Shared Clustering versus other clustering tools - jonathanbrecher/sharedclustering GitHub Wiki

Quality of clustering

As of this writing, the clusters generated by Shared Clustering are significantly better than those generated by most other tools. In this context, "better" means that the clusters are more useful to the genealogical researcher.

Larger clusters

The clusters generated by Shared Clustering are larger than the clusters generated by most other tools, without sacrificing quality. That is, the clusters are not arbitrarily larger. In each cluster, all members are indeed related genetically. This can be a HUGE help when doing basic research where "more is better" -- more public trees to look at, more people to contact who might have further information of their own, and so on.

More clusters

Shared Clustering is also better at finding sparse clusters than other tools are. The members of a sparse cluster might not match every other member of the cluster. But, they still match each other than they match others outside the cluster, and they are useful research tools even so.

More matches clustered at all

With larger clusters and more clusters, Shared Clustering is able to assign more matches to some cluster. If you have 2,000 matches that share 20 cM or more with the test taker, you can expect 1,800 or more of them are assigned to clusters.

The main limitation is unavoidable. Since Shared Clustering -- and all clustering techniques -- is based on the shared matches reported for each match, a match without any shared matches at all cannot be clustered. By default, Shared Clustering excludes matches that have fewer than two shared matches. Beyond that, nearly all of the other matches will be clustered.

Clustering of under-20 cM matches

Ancestry does not normally include matches under 20 cM when displaying shared match lists on their web site. They label the under-20 cM matches as "distant", and they are often correct about that. Some of the under-20 cM matches are less distant than others, though.

Shared Clustering can add the under-20 cM matches to the clusters formed from the stronger matches. To do that, it needs a complete download of all of your matches. A complete download can take a very long time, often as long as 12-24 hours. The time is worthwhile, though, as adding the under-20 cM matches will typically triple the size of the clusters. This is another HUGE benefit when doing research!
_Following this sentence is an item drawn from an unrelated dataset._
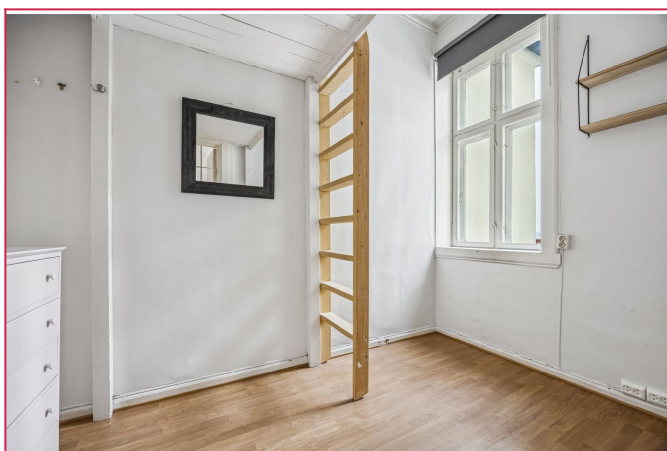
Ett av tre soverom. Plass til seng på gulvet.

Association between clusters

In many cases, Shared Clustering can highlight how clusters are associated with each other. That gives a tremendous head start when doing research, knowing that common ancestors for several clusters are likely from all from the same general area of your family tree.

Cost

Shared Clustering is free to use, without restrictions.

Data access

With Shared Clustering, you control access to your own data. You do need to enter your Ancestry DNA username and password, but that information is only transmitted between your own computer and the Ancestry servers. Your Ancestry DNA results are downloaded from the Ancestry servers so that Shared Clustering can analyze that data on your computer. Nobody else has access to your password or your data.

Open Source

Shared Clustering is provided as Open Source, with full source code. That means that anyone who cares to review the code can see exactly how the algorithm is behaving. If someone thinks that they have ideas for improvement, they can propose changes or make changes to the code themselves.

The Open Source license for Shared Clustering means that commercial companies are allowed to take this code and incorporate it into their own software that they charge for. Each person can make their own decision whether to pay for the other software or to use Shared Clustering for free.